▸ Data to use:
****************************************
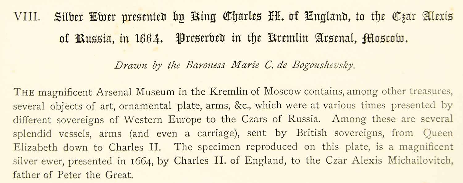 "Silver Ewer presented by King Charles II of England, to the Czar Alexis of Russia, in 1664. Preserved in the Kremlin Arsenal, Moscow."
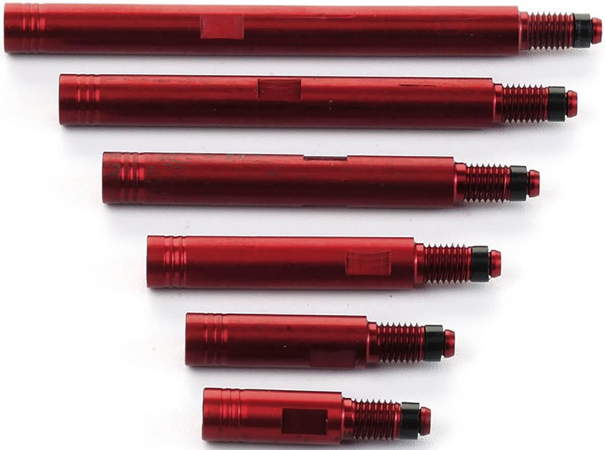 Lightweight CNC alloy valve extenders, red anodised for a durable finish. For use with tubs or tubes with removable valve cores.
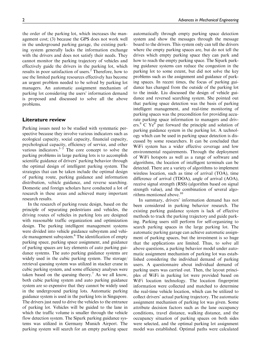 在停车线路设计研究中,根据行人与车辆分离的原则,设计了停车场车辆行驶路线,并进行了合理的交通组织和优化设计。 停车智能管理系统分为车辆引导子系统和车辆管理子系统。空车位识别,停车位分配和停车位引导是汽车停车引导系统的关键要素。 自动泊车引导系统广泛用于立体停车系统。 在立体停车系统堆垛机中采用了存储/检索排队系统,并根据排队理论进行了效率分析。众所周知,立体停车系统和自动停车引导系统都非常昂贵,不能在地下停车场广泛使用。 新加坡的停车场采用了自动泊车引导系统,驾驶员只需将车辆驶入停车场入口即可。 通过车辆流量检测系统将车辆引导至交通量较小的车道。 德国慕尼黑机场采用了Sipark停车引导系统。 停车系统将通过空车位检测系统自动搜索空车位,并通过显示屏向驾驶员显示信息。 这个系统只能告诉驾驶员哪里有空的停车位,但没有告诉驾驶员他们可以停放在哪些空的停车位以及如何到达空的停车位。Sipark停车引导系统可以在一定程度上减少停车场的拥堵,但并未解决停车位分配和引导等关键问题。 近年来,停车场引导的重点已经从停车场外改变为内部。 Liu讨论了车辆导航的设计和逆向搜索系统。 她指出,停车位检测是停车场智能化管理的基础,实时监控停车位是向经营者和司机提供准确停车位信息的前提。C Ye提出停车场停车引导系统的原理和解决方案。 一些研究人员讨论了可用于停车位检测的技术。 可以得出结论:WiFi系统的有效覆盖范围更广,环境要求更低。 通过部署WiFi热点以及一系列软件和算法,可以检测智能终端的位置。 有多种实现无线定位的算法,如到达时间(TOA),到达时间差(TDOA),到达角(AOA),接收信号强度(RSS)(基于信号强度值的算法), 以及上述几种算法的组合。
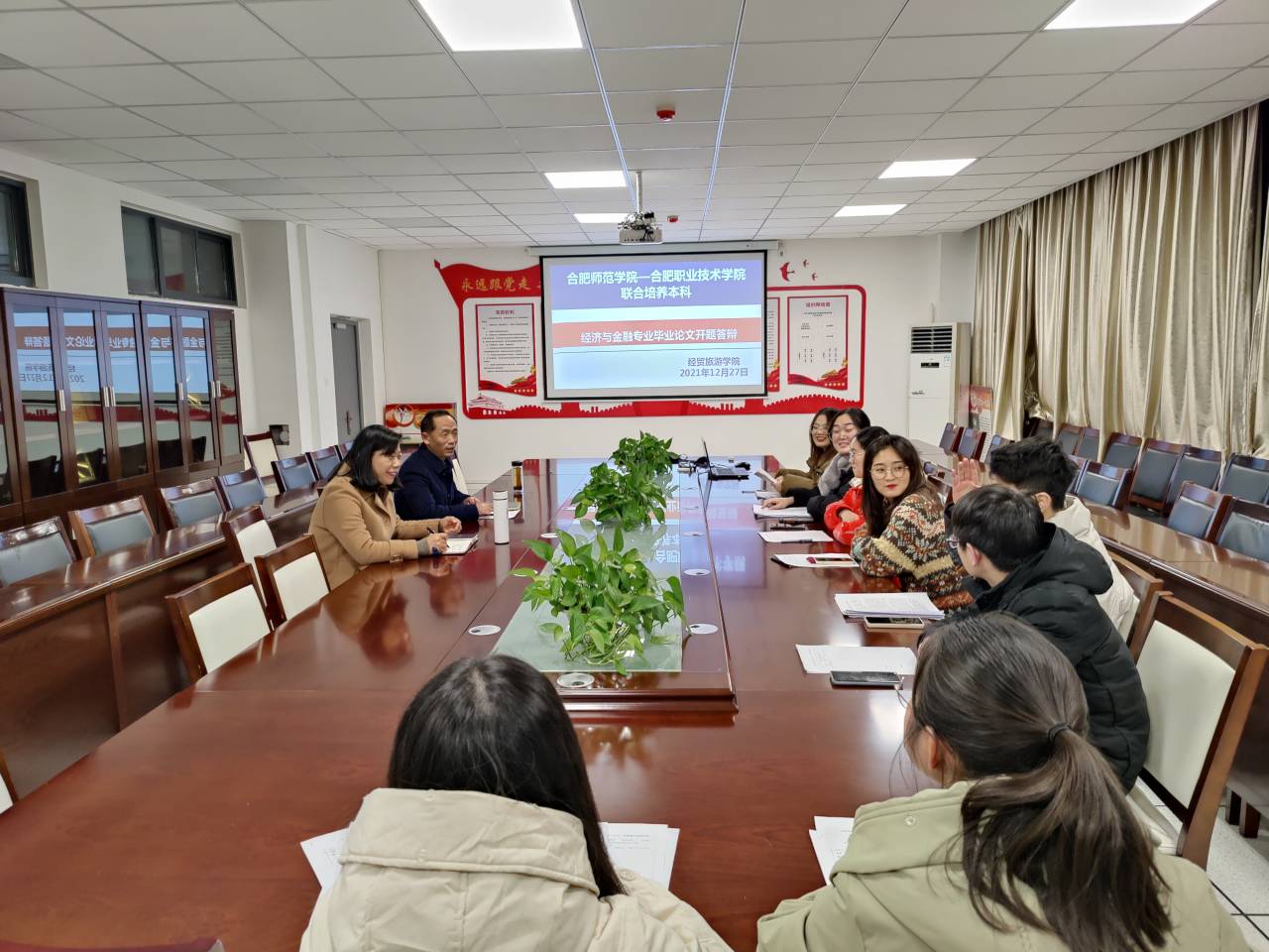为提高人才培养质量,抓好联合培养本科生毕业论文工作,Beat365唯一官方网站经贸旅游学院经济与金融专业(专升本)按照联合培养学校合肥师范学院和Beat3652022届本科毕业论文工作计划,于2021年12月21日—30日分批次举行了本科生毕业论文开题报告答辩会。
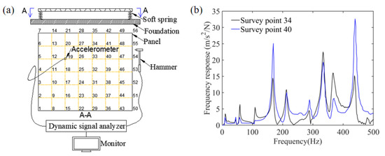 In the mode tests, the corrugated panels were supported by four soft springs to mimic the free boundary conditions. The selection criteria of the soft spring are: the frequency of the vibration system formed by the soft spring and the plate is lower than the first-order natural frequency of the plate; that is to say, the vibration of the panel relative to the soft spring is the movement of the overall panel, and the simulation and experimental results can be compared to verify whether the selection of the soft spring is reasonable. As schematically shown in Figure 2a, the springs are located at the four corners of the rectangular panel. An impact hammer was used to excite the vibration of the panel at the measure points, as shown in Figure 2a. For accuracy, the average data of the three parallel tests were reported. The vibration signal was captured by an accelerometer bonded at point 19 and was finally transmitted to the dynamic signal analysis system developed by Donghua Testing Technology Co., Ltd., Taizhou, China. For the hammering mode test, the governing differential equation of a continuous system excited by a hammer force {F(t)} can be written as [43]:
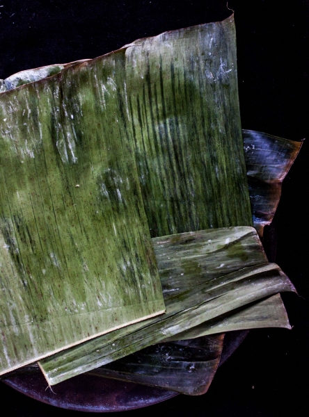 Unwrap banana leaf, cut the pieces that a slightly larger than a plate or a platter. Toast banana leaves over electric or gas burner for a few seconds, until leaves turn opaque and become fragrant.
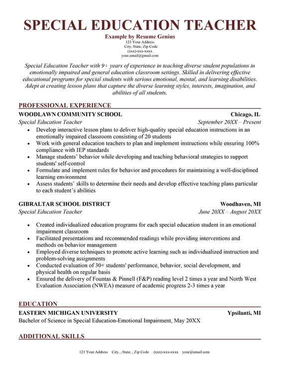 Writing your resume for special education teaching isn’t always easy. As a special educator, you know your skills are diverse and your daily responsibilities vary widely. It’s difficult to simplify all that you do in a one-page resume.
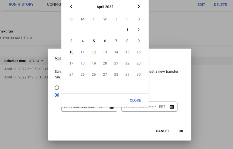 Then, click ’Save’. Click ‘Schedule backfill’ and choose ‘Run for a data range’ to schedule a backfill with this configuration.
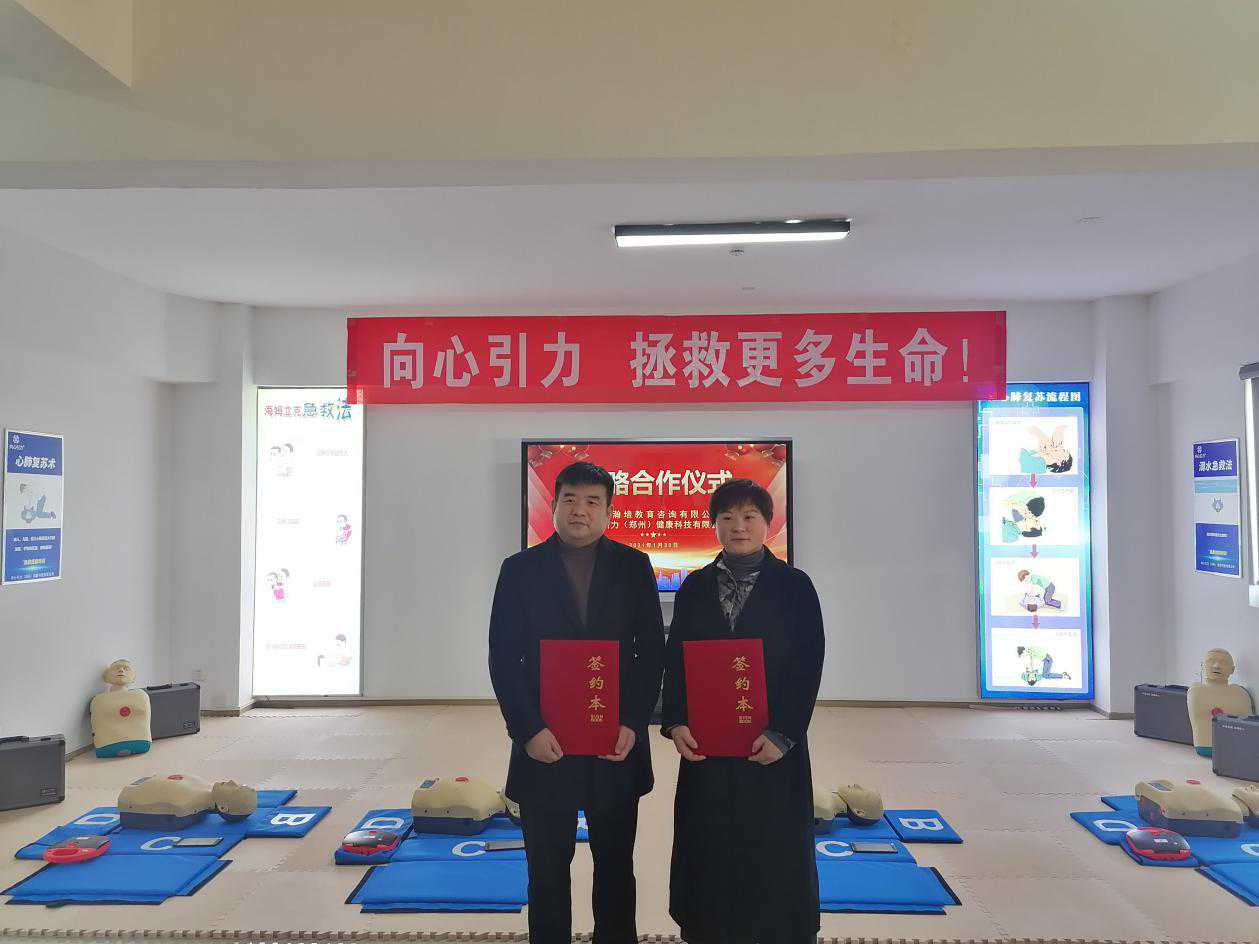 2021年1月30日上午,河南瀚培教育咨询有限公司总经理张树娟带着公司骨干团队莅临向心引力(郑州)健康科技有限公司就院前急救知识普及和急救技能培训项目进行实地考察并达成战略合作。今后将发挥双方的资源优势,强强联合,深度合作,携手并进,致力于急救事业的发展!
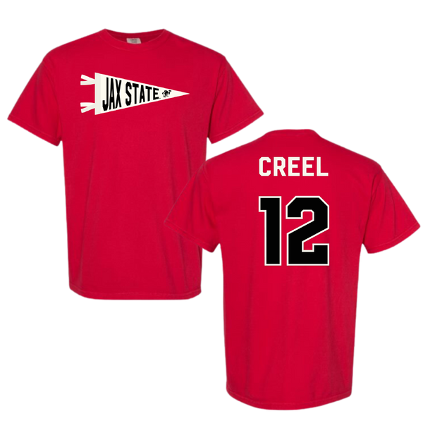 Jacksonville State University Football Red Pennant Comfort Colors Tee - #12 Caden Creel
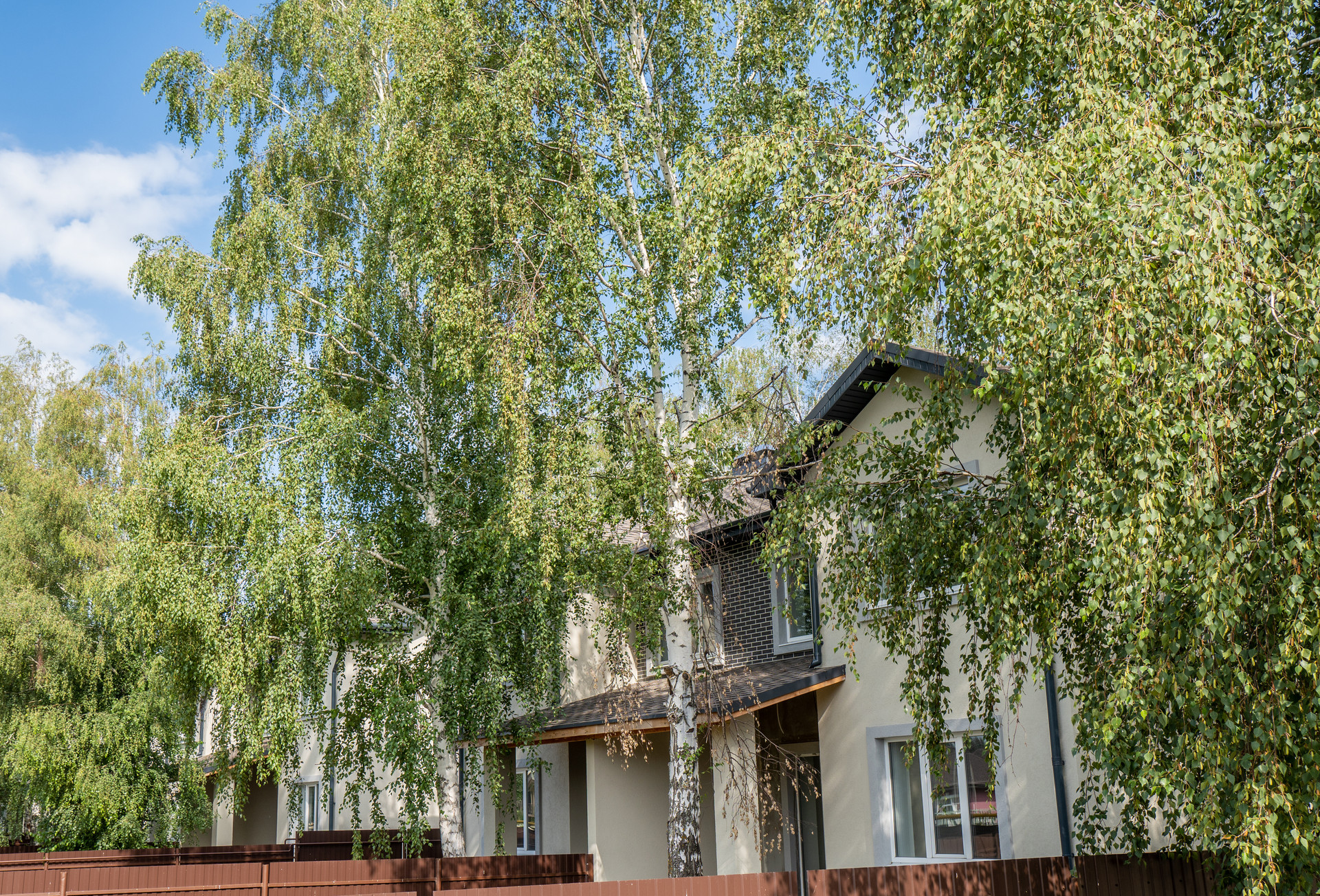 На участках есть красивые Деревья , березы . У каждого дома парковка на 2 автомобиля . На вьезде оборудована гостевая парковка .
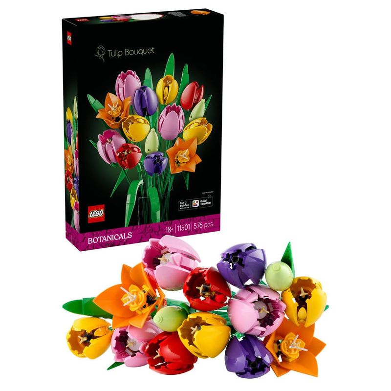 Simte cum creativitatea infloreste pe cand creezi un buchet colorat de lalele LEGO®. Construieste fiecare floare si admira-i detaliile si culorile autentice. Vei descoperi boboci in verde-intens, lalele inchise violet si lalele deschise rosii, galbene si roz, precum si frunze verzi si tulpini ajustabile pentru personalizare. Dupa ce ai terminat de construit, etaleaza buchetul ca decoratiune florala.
****************************************
▸ Work request: Retype each record exactly as it stands, but do not include the pictures.

▸ Task solution:
 "Silver Ewer presented by King Charles II of England, to the Czar Alexis of Russia, in 1664. Preserved in the Kremlin Arsenal, Moscow."
 Lightweight CNC alloy valve extenders, red anodised for a durable finish. For use with tubs or tubes with removable valve cores.
 在停车线路设计研究中,根据行人与车辆分离的原则,设计了停车场车辆行驶路线,并进行了合理的交通组织和优化设计。 停车智能管理系统分为车辆引导子系统和车辆管理子系统。空车位识别,停车位分配和停车位引导是汽车停车引导系统的关键要素。 自动泊车引导系统广泛用于立体停车系统。 在立体停车系统堆垛机中采用了存储/检索排队系统,并根据排队理论进行了效率分析。众所周知,立体停车系统和自动停车引导系统都非常昂贵,不能在地下停车场广泛使用。 新加坡的停车场采用了自动泊车引导系统,驾驶员只需将车辆驶入停车场入口即可。 通过车辆流量检测系统将车辆引导至交通量较小的车道。 德国慕尼黑机场采用了Sipark停车引导系统。 停车系统将通过空车位检测系统自动搜索空车位,并通过显示屏向驾驶员显示信息。 这个系统只能告诉驾驶员哪里有空的停车位,但没有告诉驾驶员他们可以停放在哪些空的停车位以及如何到达空的停车位。Sipark停车引导系统可以在一定程度上减少停车场的拥堵,但并未解决停车位分配和引导等关键问题。 近年来,停车场引导的重点已经从停车场外改变为内部。 Liu讨论了车辆导航的设计和逆向搜索系统。 她指出,停车位检测是停车场智能化管理的基础,实时监控停车位是向经营者和司机提供准确停车位信息的前提。C Ye提出停车场停车引导系统的原理和解决方案。 一些研究人员讨论了可用于停车位检测的技术。 可以得出结论:WiFi系统的有效覆盖范围更广,环境要求更低。 通过部署WiFi热点以及一系列软件和算法,可以检测智能终端的位置。 有多种实现无线定位的算法,如到达时间(TOA),到达时间差(TDOA),到达角(AOA),接收信号强度(RSS)(基于信号强度值的算法), 以及上述几种算法的组合。
为提高人才培养质量,抓好联合培养本科生毕业论文工作,Beat365唯一官方网站经贸旅游学院经济与金融专业(专升本)按照联合培养学校合肥师范学院和Beat3652022届本科毕业论文工作计划,于2021年12月21日—30日分批次举行了本科生毕业论文开题报告答辩会。
 In the mode tests, the corrugated panels were supported by four soft springs to mimic the free boundary conditions. The selection criteria of the soft spring are: the frequency of the vibration system formed by the soft spring and the plate is lower than the first-order natural frequency of the plate; that is to say, the vibration of the panel relative to the soft spring is the movement of the overall panel, and the simulation and experimental results can be compared to verify whether the selection of the soft spring is reasonable. As schematically shown in Figure 2a, the springs are located at the four corners of the rectangular panel. An impact hammer was used to excite the vibration of the panel at the measure points, as shown in Figure 2a. For accuracy, the average data of the three parallel tests were reported. The vibration signal was captured by an accelerometer bonded at point 19 and was finally transmitted to the dynamic signal analysis system developed by Donghua Testing Technology Co., Ltd., Taizhou, China. For the hammering mode test, the governing differential equation of a continuous system excited by a hammer force {F(t)} can be written as [43]:
 Unwrap banana leaf, cut the pieces that a slightly larger than a plate or a platter. Toast banana leaves over electric or gas burner for a few seconds, until leaves turn opaque and become fragrant.
 Writing your resume for special education teaching isn’t always easy. As a special educator, you know your skills are diverse and your daily responsibilities vary widely. It’s difficult to simplify all that you do in a one-page resume.
 Then, click ’Save’. Click ‘Schedule backfill’ and choose ‘Run for a data range’ to schedule a backfill with this configuration.
 2021年1月30日上午,河南瀚培教育咨询有限公司总经理张树娟带着公司骨干团队莅临向心引力(郑州)健康科技有限公司就院前急救知识普及和急救技能培训项目进行实地考察并达成战略合作。今后将发挥双方的资源优势,强强联合,深度合作,携手并进,致力于急救事业的发展!
 Jacksonville State University Football Red Pennant Comfort Colors Tee - #12 Caden Creel
 На участках есть красивые Деревья , березы . У каждого дома парковка на 2 автомобиля . На вьезде оборудована гостевая парковка .
 Simte cum creativitatea infloreste pe cand creezi un buchet colorat de lalele LEGO®. Construieste fiecare floare si admira-i detaliile si culorile autentice. Vei descoperi boboci in verde-intens, lalele inchise violet si lalele deschise rosii, galbene si roz, precum si frunze verzi si tulpini ajustabile pentru personalizare. Dupa ce ai terminat de construit, etaleaza buchetul ca decoratiune florala.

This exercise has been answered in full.